The high percentage of mortality found in C. alliodora in S2 spacing (Fig. 2a) was due to the loss of one plot, which could be the consequence of poor handling of the plant seedlings during the establishment of the plot. This problem was found only in this plot. An increase in mortality was observed after 10 months in the S2 and S3 spacings of G. arborea (Fig. 2c) due to a tree in the natural forest near the boundary of the plantation falling on the plantation, which directly affected the plots of these two spacings, causing from this moment on an increase in tree mortality. However, apart from these events, for the four species, the wide spacings (S4 and S3) had lower mortality than the narrow spacings (S2 and S1). This result suggests that the level of tree competition at narrow spacing causes an increase in their mortality. Several factors contribute to mortality in SRC (Paris et al. 2011): (i) initial implantation of a plantation leads to the tree’s growth until it reaches the maximum resource availability that the site can support (Paris et al. 2011). However, growth is limited once competition among the trees begins and resource release through mortality occurs (DeBell et al. 1996). (ii) The second aspect is the amount of resources in the soil, which conditions tree survival (Laureysens et al. 2004). Competition is greater on sites that lack the necessary resources for tree growth, which leads to the mortality of some individuals (Dillen et al. 2013).
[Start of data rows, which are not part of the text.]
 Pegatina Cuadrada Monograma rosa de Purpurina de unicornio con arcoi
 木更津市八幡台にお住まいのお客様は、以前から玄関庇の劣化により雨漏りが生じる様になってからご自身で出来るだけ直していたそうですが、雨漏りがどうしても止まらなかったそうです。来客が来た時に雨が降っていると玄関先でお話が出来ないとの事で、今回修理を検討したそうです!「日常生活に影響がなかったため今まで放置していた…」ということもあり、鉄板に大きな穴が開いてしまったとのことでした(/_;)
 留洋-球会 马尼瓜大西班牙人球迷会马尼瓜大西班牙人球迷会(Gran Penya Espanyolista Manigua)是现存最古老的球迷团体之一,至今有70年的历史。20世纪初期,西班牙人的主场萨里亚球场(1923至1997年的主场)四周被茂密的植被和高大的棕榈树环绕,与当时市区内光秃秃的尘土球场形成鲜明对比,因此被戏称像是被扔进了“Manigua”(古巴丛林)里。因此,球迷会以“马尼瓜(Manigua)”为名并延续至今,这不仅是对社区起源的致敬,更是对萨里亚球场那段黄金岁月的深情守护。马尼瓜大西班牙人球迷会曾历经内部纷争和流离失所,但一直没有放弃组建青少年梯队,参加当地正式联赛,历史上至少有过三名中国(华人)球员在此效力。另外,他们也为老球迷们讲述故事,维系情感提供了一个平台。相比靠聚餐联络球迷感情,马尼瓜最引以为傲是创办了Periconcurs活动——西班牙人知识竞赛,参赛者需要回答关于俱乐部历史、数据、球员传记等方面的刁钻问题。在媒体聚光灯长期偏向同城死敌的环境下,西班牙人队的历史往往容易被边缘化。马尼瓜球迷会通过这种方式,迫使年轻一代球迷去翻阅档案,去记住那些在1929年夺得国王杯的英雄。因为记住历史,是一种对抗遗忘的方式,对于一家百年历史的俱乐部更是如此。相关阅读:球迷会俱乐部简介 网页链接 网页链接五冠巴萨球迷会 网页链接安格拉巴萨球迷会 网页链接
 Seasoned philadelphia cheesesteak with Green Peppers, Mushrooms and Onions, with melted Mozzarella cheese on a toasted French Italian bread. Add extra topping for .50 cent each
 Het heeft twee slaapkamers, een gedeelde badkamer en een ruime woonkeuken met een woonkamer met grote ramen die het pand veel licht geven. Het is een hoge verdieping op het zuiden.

So, the conditions of the soil and the demand for resources at the site where the SRC system was established were probably inadequate for D. panamensis, G. arborea, and T. grandis (Fig. 2b-d), more so given the tree’s need for resources at the spacings applied (Paris et al. 2011). As a result, tree mortality at the various spacings was high, so tree survival was low (Fig. 2c).
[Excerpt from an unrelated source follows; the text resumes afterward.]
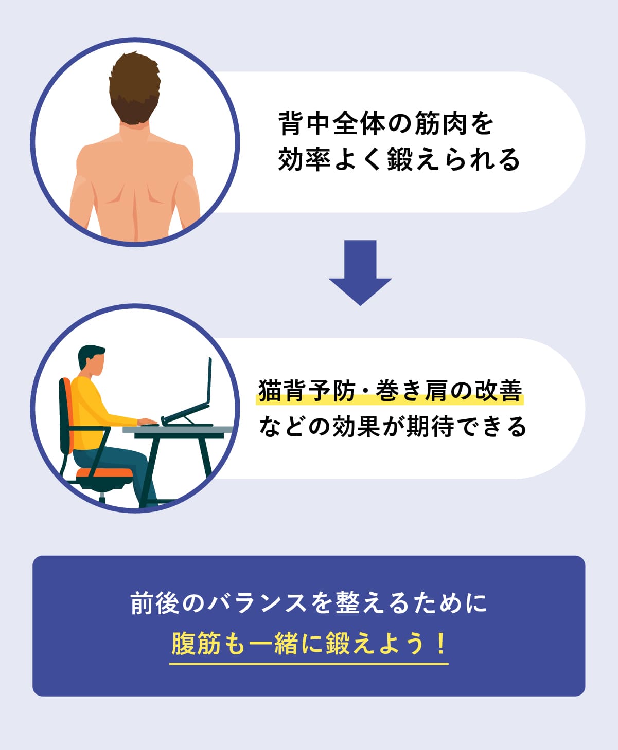 - 背中の筋肉を鍛えることで猫背・巻き肩の予防になる
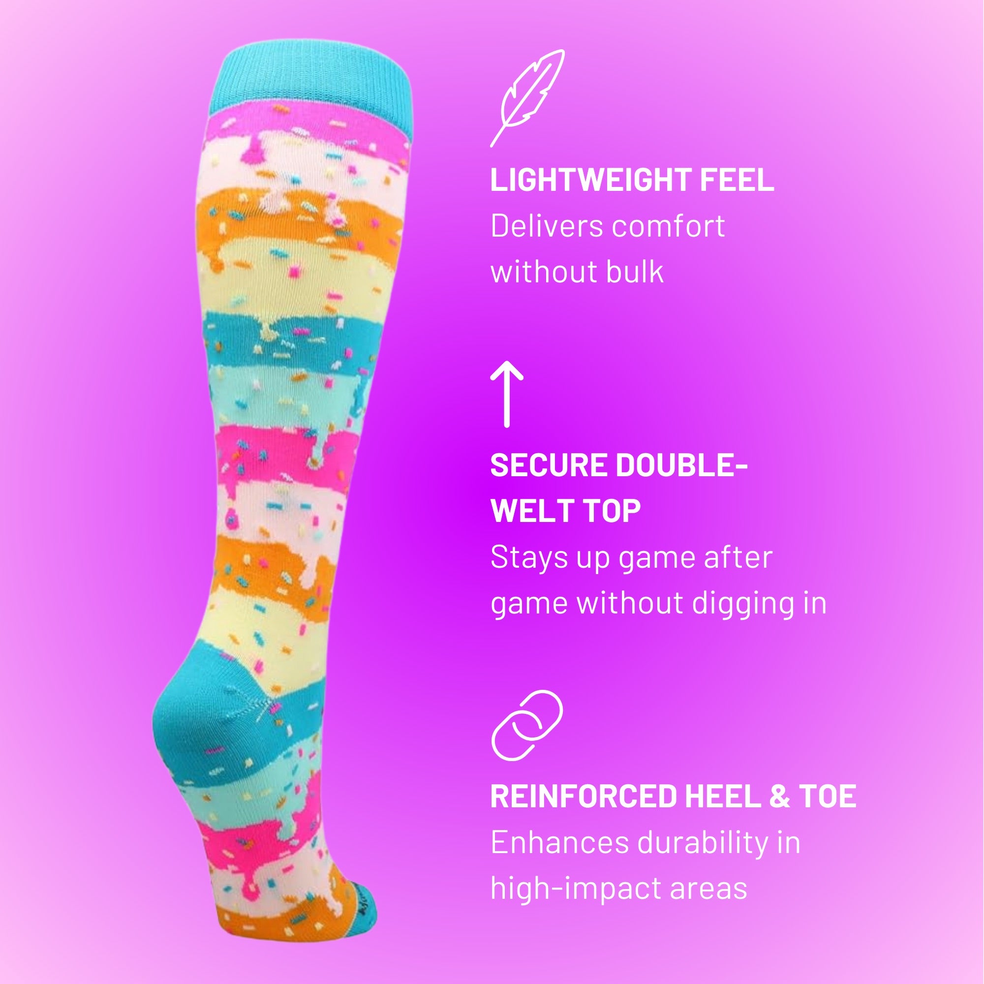 - FUN & FUNCTIONAL: These Rainbow Sprinkle Socks are perfect for adding a pop of color to any outfit—whether you're dressing up for a themed event, showing team spirit, or just having fun. Great for casual wear, costumes, school activities, and a wide range of sports and recreational activities. Ideal for boys, girls, teens, and teams!

In the comparison of mortality of the different species with other studies, it was found that Tenorio et al. (2016; 2018) reported mortality between 23 and 60% at 24 months old for G. arborea in different spacings and 44 to 56% in two clones of this species at 24 months old (Tenorio et al. 2019), which agreed with values found for this species in this study (Fig. 2c). According to the above authors and the results obtained in this study, site fertility is important for the establishment of the SRC of G. arborea since some of the sites analyzed in Costa Rica showed survival rates of 95% due to favorable site conditions. In relation to D. panamensis, it was reported that mortality was 50% at 36 months (Gaitan-Alvarez et al. 2020), values higher than those obtained for these species in the presented study (Fig. 2b). The fact that D. panamensis is a species with less mortality seems to indicate that it is the species that is best adapted to the conditions of the site.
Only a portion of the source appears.